Before sitting down to the Paschal Meal, Jesus gave us all a lesson in humble service. He washed the feet of his disciples. Jesus was only too aware of the bickering among his disciples as to who was the greatest, and who should rank before the other. He asks them, who is greater? The one who sits at table, or the servant who waits upon him? Yet here I am among you, as a servant.
So the first thing Jesus wanted his friends to remember him by was his service. Not a grudging, unwilling, compulsory service, but a service born out of love. No tokenism here. Being really at the beck and call of others, allowing oneself to be used and abused, as servants are.

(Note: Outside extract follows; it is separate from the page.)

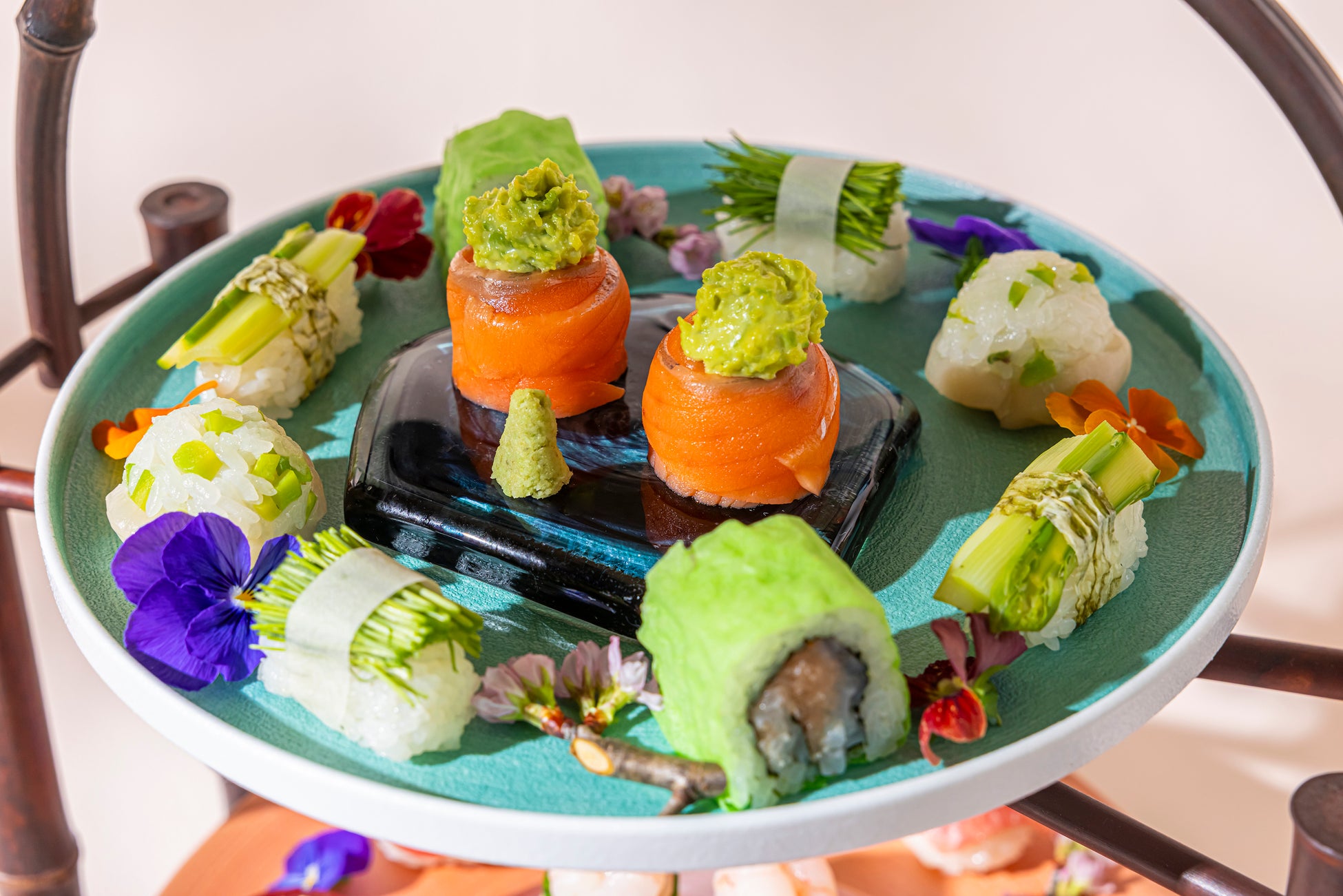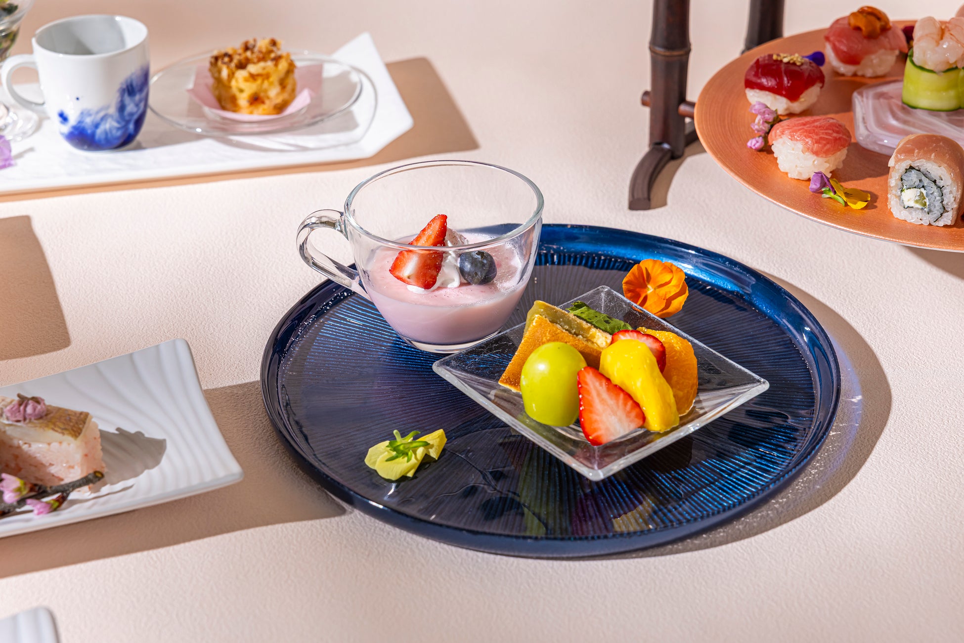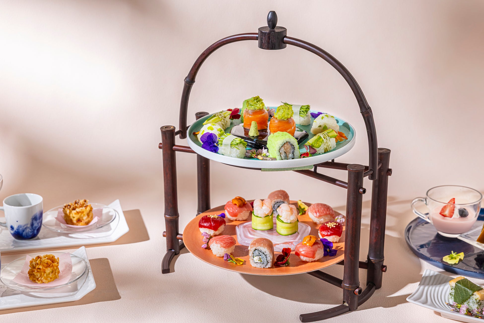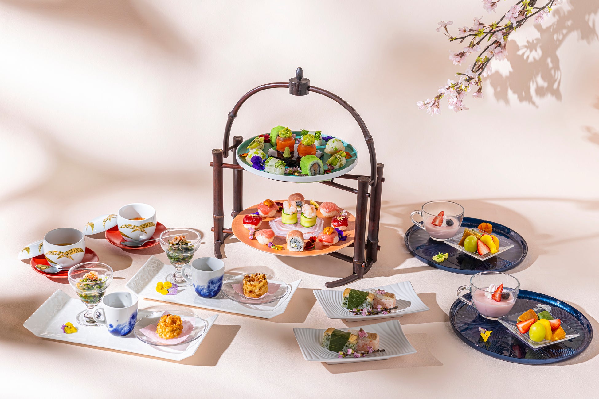 新しい出会いや新生活が始まる春の季節。この季節ならではの食材や色合いから春の巡りをお届けする和のアフタヌーンティーをご用意しました。寿司職人がアレンジする手毬寿司やロール寿司に加え、小鉢や蒸し物、季節のデザートプレートを桜色や緑をテーマカラーにした和のアフタヌーンティースタイルでご用意しました。

The Son of Man came not to be served, but to serve, and to give his life for the ransom of many.
Each time we offer any service of love to those around us, we become ‘other Christs’, bringing his care and salvation to the world.
This brings us to the second thing Jesus wished to be remembered by. The sharing of the meal, of the bread and wine that is offered for the reconciliation of the world.

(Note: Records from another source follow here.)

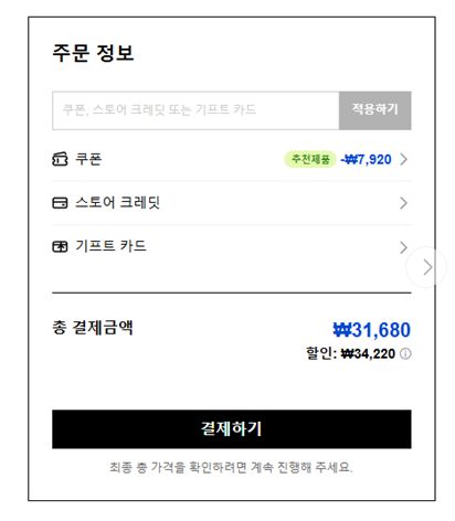 일부 경우에는 쿠폰 코드를 직접 입력하지 않아도, 조건이 충족되면 자동으로 할인이 계산되어 총 결제 금액에 반영됩니다. 이때 할인 금액은 주문 정보 영역에서 별도로 표시되며, 적용 전 금액과 적용 후 금액을 비교해 확인할 수 있습니다.
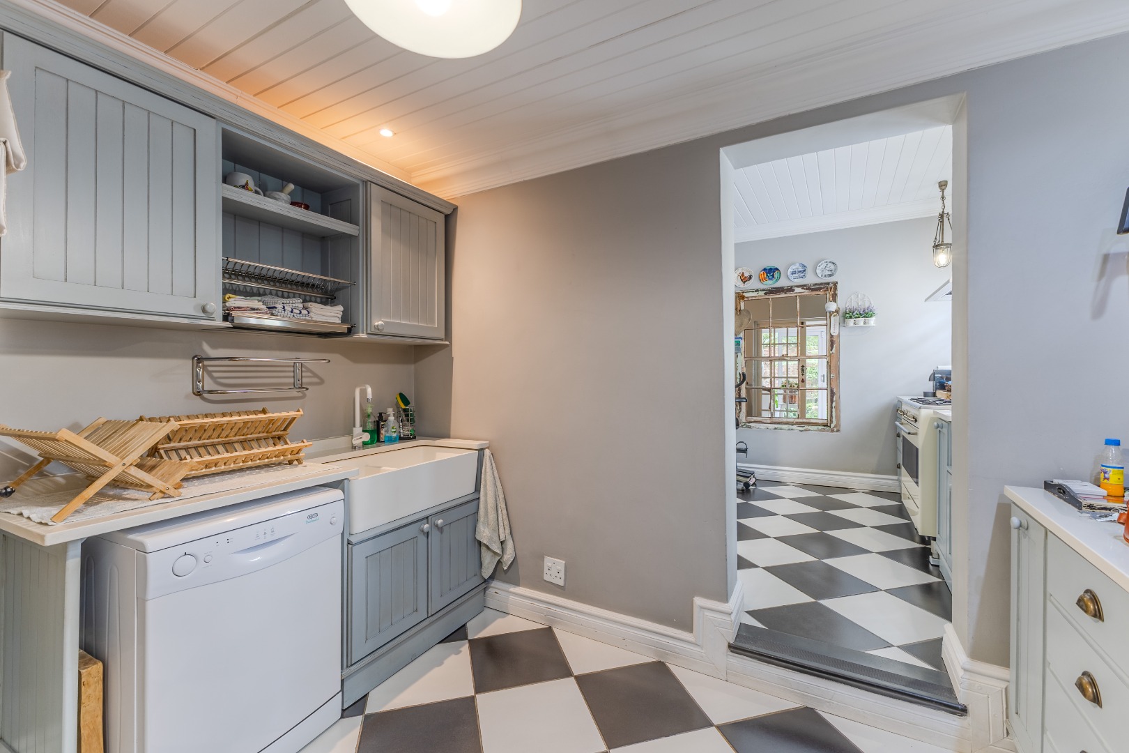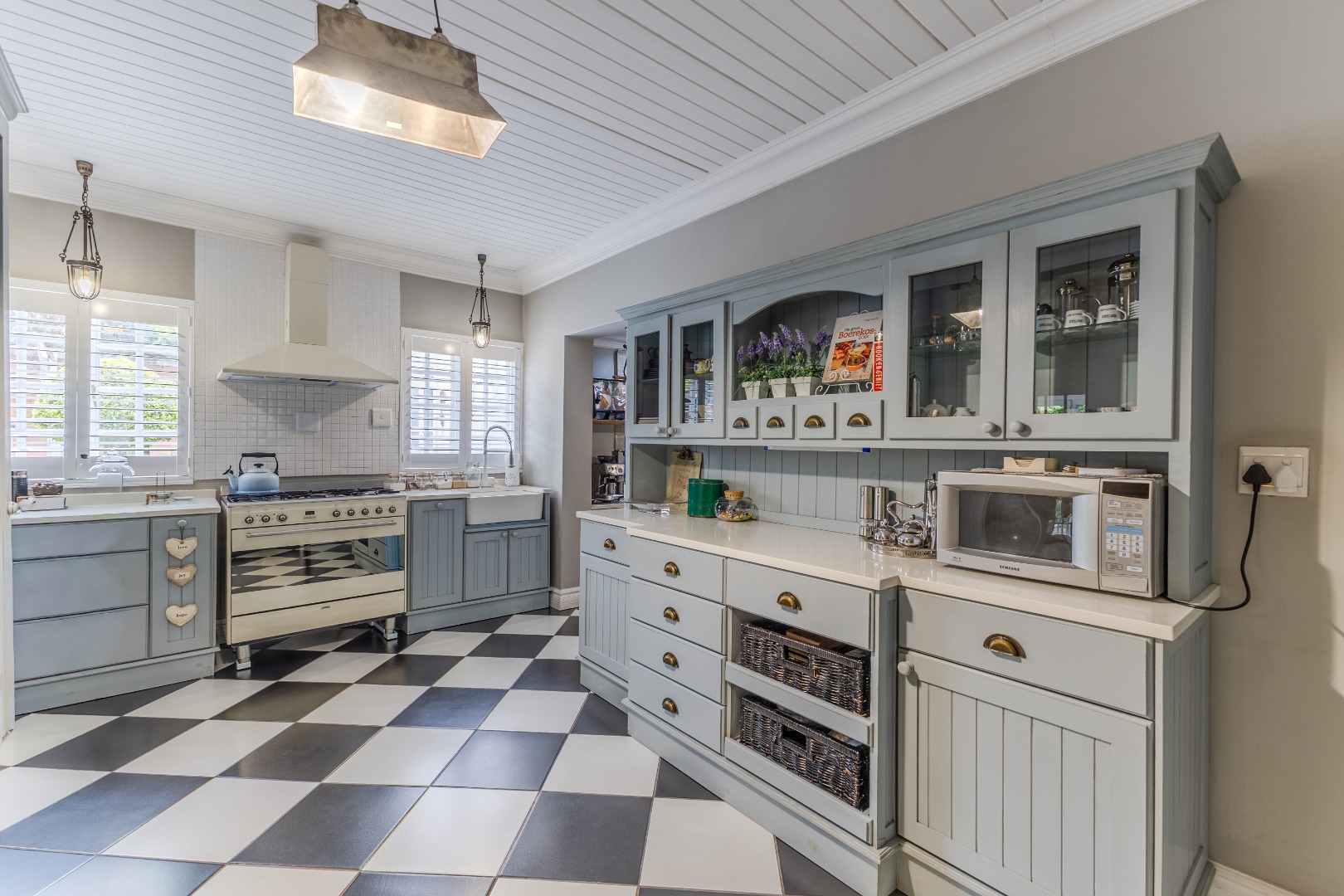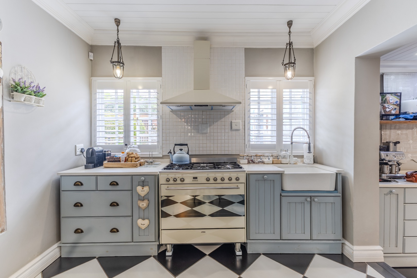 The well-appointed kitchen is a highlight, showcasing stylish light blue-grey cabinetry, a classic black and white checkered floor, and a farmhouse sink, all bathed in natural light. The residence comprises three comfortable bedrooms and four bathrooms, three of which are en-suite, ensuring privacy and convenience for all occupants.
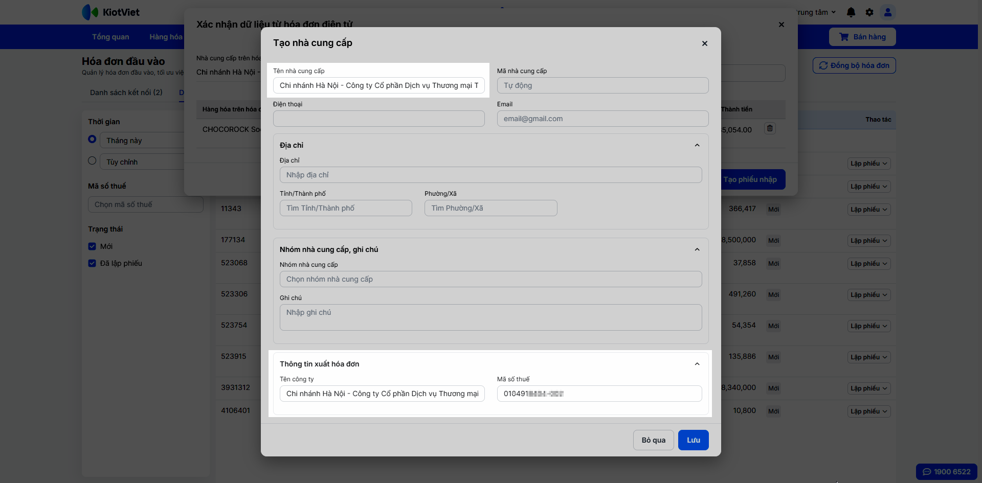 - Hệ thống sẽ tự động tìm và khớp Nhà cung cấp (NCC) trong KiotViet nếu trùng khớp Mã số thuế (MST) hoặc Tên (trên 80%).
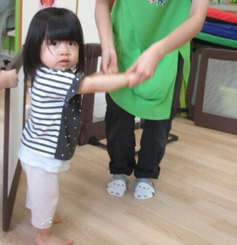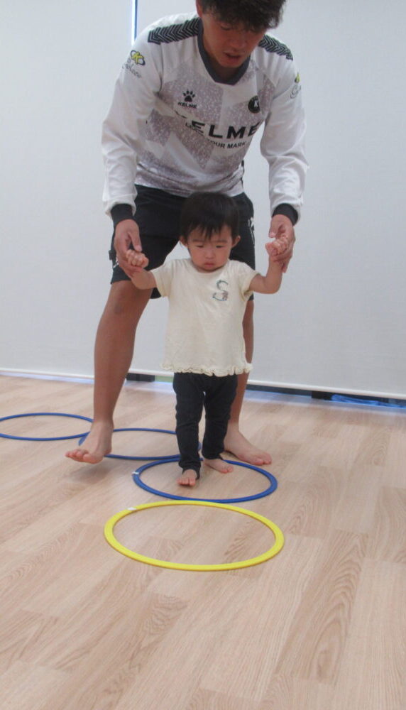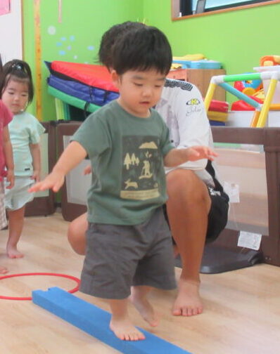 平均台を渡る(幅広・低め)→ ゆっくり歩くことに挑戦。

The Gospel command, do this in memory of me, does not refer only to the liturgy. The Paschal Meal is a sacrificial act, and those who partake in the Eucharist are meant to offer their own lives and persons to bring reconciliation to the world, as Jesus did.

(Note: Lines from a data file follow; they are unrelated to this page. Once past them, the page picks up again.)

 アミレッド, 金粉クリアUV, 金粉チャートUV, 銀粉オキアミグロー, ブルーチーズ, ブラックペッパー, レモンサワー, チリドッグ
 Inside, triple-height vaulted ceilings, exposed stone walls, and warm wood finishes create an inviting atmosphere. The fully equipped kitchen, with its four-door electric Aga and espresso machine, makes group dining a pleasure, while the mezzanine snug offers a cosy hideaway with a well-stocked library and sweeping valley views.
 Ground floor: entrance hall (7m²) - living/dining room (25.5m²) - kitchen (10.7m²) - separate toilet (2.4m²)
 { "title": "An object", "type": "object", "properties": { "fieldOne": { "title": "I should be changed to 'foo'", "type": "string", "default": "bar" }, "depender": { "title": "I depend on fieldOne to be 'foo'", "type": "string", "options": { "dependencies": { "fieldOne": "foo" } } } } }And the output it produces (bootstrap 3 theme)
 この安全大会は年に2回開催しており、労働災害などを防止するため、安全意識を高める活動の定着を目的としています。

And to do this, all those who have responsibility in the Church must ensure that in the church, relationships are not those of dominance or manipulation or self-gratification, but of service to the point of self-sacrifice. This ultimately is what the Eucharist is meant to do – bring reconciliation, healing and harmony to society. So it is in essence a spiritual action with a deeply socio-political purpose. If we truly received the Eucharist, our lives would change, and so would the lives of those we are in touch with.
For it is in giving that we receive, in pardoning that we ourselves receive mercy, and in dying that we live to everlasting life.